A Comparative Study of Intrathecal Hyperbaric Bupivacaine 0.5% with Morphine and Dexmedetomidine in Lower Limb Orthopedic Surgeries: A Double-Blind Randomized Clinical Trial

Affiliations

A Comparative Study of Intrathecal Hyperbaric Bupivacaine 0.5% with Morphine and Dexmedetomidine in Lower Limb Orthopedic Surgeries: A Double-Blind Randomized Clinical Trial

Shadab Ashfi et al. Anesth Essays Res. 2022 Jul-Sep.

Abstract

Background: Pain and its alleviation have been a challenge for humans for centuries. Sub arachnoid block is most commonly practiced method for anaesthesia for lower limb surgeries. Adjuvants like opioids and alpha 2 agonists have proven benefits in augmentation of effects of local anaesthetics for spinal anesthesia. The aim of this study was to compare the effects of morphine and dexmedetomidine for sub arachnoid block in lower limb orthopaedic surgeries.

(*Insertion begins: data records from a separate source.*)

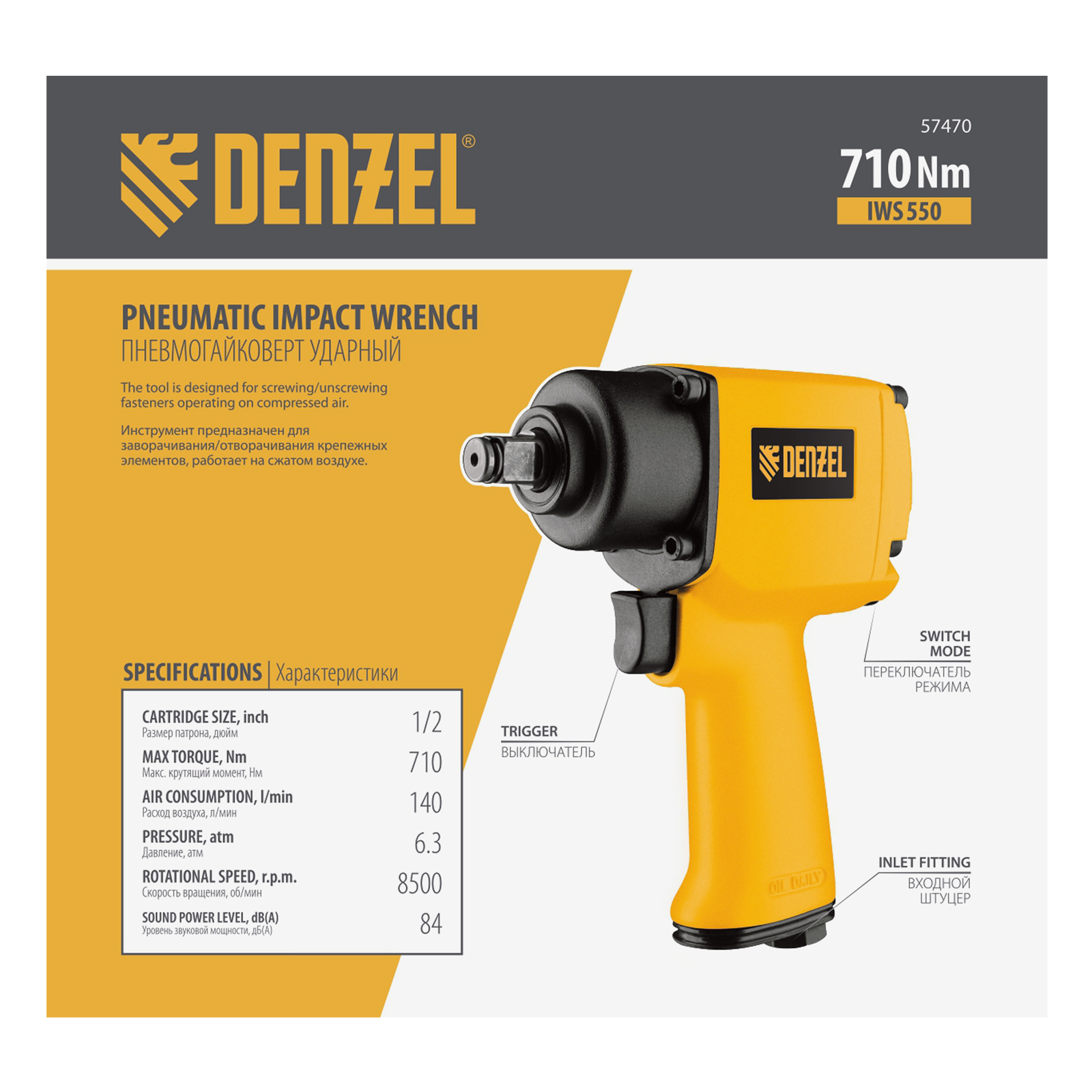 Ударный пневмогайковерт IWS550 Compact, 1/2", 8500 об/мин, 710 Нм Denzel в Уфе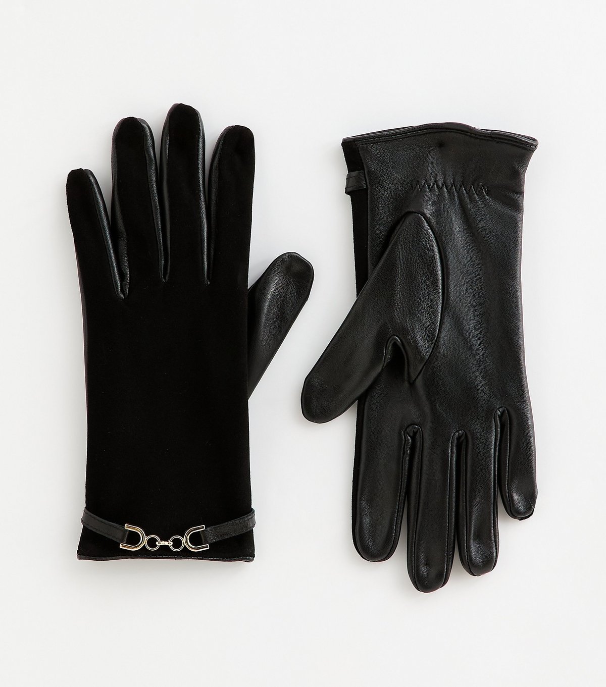 Stylish black leather gloves from New Look featuring a gold-tone buckle strap. Perfect for adding a touch of elegance to any outfit.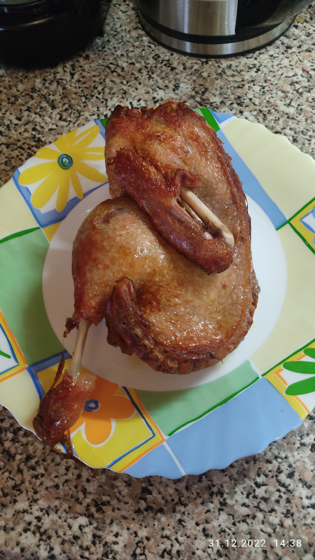 На горячее приготовили кроме стейков, утку в маринаде. Купил в упаковке для запекания в духовке. Удобно и вкусно!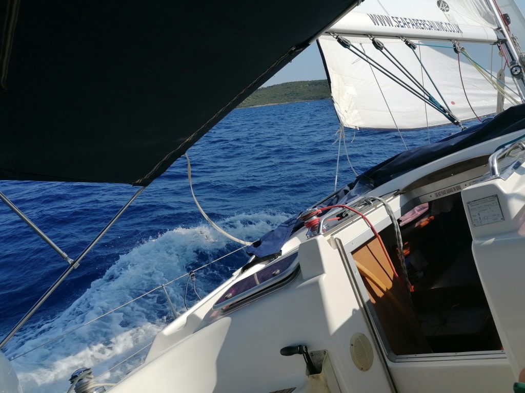 Die Armbänder trug ich nur die ersten zwei Tage. Von den anderen Medikamenten, die ich dabei hatte, machte ich überhaupt keinen Gebrauch. Alles lief bestens, ich entspannte mich mehr und mehr. Ich aß mit Appetit. Ich erweiterte auch täglich meinen Bewegungsradius auf dem Boot. Bald stand ich am Steuerrad und hielt den Kurs, und half bei Manövern. Wenn wir mit Motor fuhren und nicht segelten, setzte mich an den Bug des Bootes, wo es am meisten schaukelt. Ich trug ein breites Lächeln im Gesicht und fühlte mich eins mit der Umgebung, sog die Meerbrise ein und war tief berührt von der Schönheit der verschiedenen Landschaften.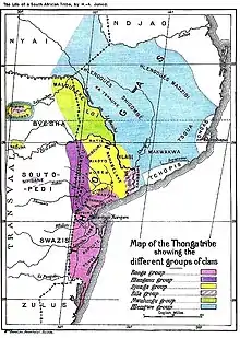 The historical movements of the Tsonga people is dominated by separate migrations, with the Tembe people settling at the Southern parts of Eswatini around the 1350s and the Van'wanati and Vanyayi settling in the eastern Limpopo region between the late 1400s and 1650s.[3] Separate migrations from parts of Mozambique occurred shortly thereafter and particularly during the 1800s. According to historical records acquired from the Portuguese (who are perhaps the first Europeans to ship to African soil in the 1400s) and Swiss Missionaries who arrived to Mozambique and South Africa in the 1800s, Portuguese sailors encountered Tsonga tribes near the coast of Mozambique.[4] Early tribes identified are names such as the Mpfumo who belong to the Rhonga clan within the wider Tsonga (Thonga) ethnicity, and further identified during the 1500–1650 are the Valenga, Vacopi, Vatonga (Nyembana), Vatshwa, and Vandzawu.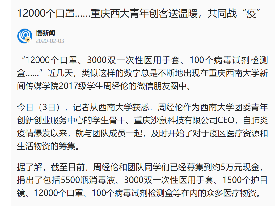 【疫情防控系列报道之三十六】外媒报道:重庆西大青年创客送温暖,共同战“疫”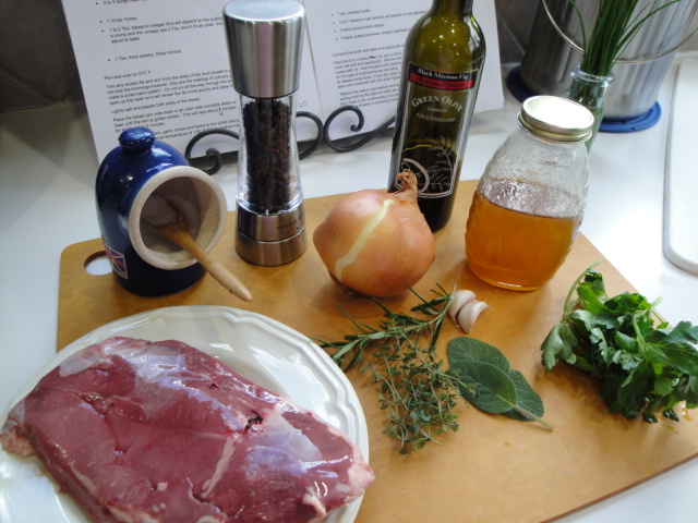 • 1 lb. duck breast removed from refrigeration approximately 30 minutes before cooking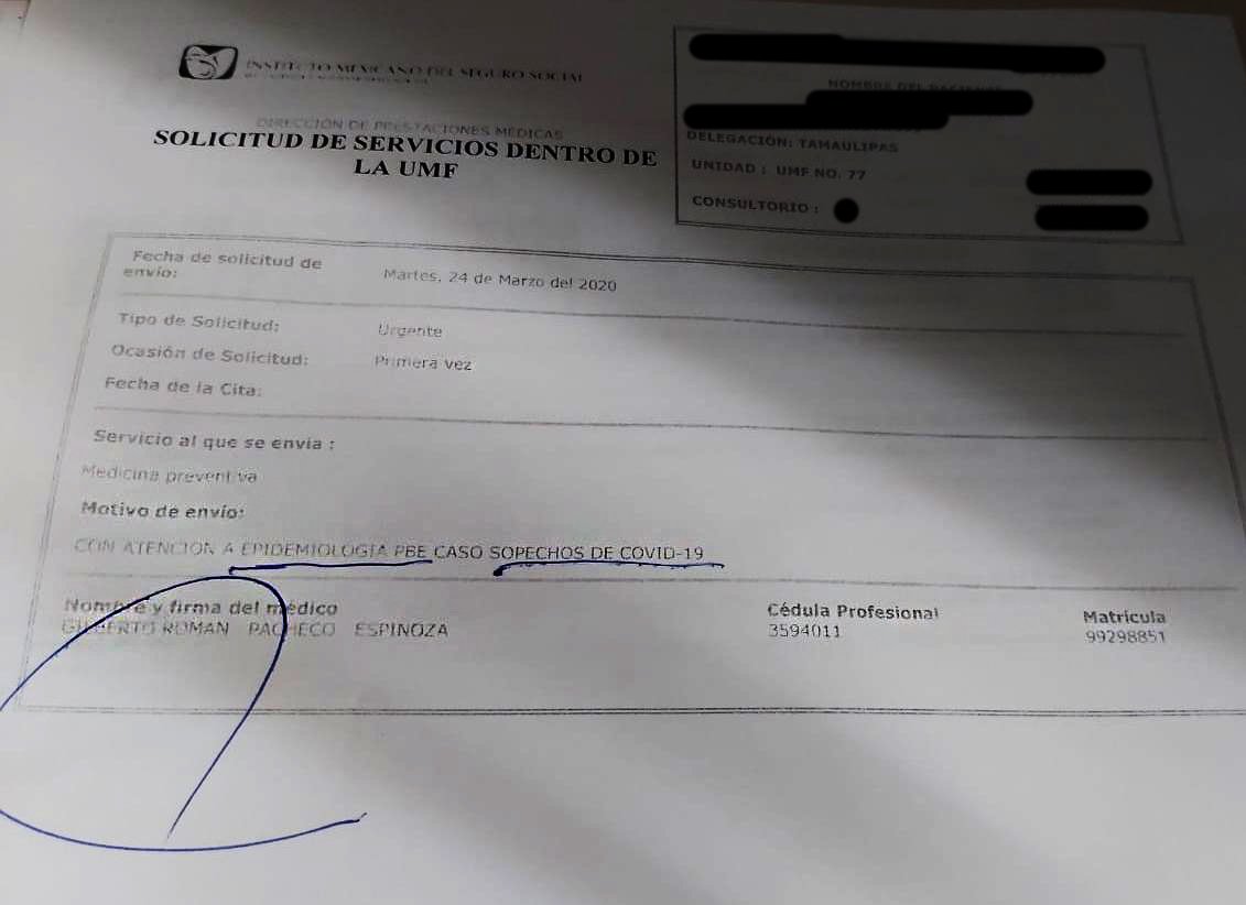 «Estoy muy molesta por esta situación, la persona trae en su receta indicado como probable coronavirus y no es posible que dada la contingencia que tenemos y si hay un probable caso ellos mismos llamar a los responsables de Epidemiologia para que vayan por la persona, se lo lleven y lo pongan en cuarentena, pero no, la persona andaba con la receta preguntando donde estaba esa área «.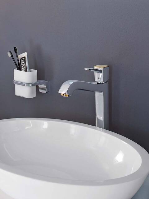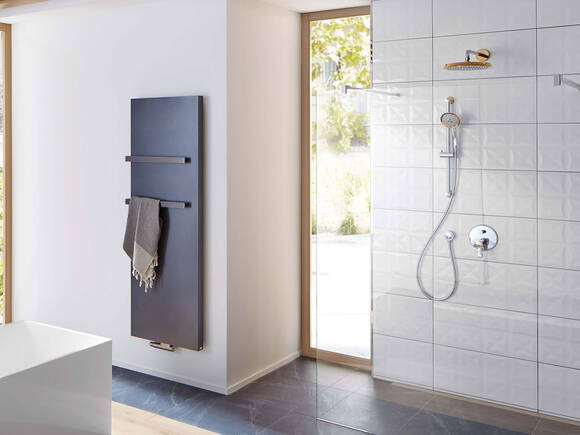 The floor-level shower provides freedom of movement and underlines the spacious interior. As eye-catchers in the room, the overhead and hand showers in the Raindance Classic line combine traditional bathroom design with functional precision. With the gentle curve of their elegant forms, the faucets of the hansgrohe line Metropol Classic set contrasting highlights in the modern bathroom.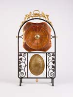 Radiateur électrique parabolique en fer forgé, laiton et cuivre orné de palmettes. La résistance électrique se trouve au centre de la parabole inclinable afin d’orienter la chaleur dans la direction souhaitée.
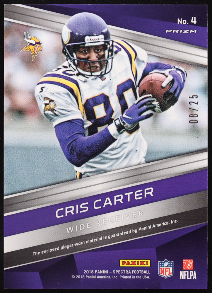 Cris Carter 2018 Panini Spectra Epic Legends Materials Neon Green #4 #08/25
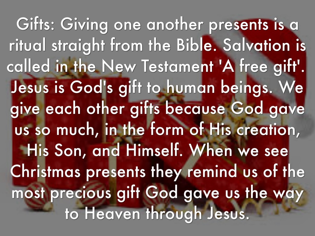 Gifts: Giving one another presents is a ritual straight from the Bible. Salvation is called in the New Testament 'A free gift'. Jesus is God's gift to human beings. We give each other gifts because God gave us so much, in the form of His creation, His Son, and Himself. When we see Christmas presents they remind us of the most precious gift God gave us the way to Heaven through Jesus.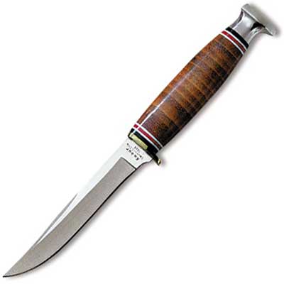 Little Finn. One of three classically styled leather handled hunters, the Little Finn has been a popular member of the KA-BAR product line since the early 1900s. With leather sheath. By Ka-Bar.

Material and methods: This is a prospective randomised controlled trial done in 120 patients who were posted for lower limb orthopaedic surgery. Along with bupivacaine, Group A received intrathecal dexmedetomidine while group B received intrathecal morphine.

Results: the demographic profile was comparable in both the groups. The mean duration of motor block in Group A was 359.33 ± 34.4 and in Group B was 265.71 ± 28.47. The duration of rescue analgesia was almost double in Group A as compared to Group B with P < 0.0001 (CL 95%).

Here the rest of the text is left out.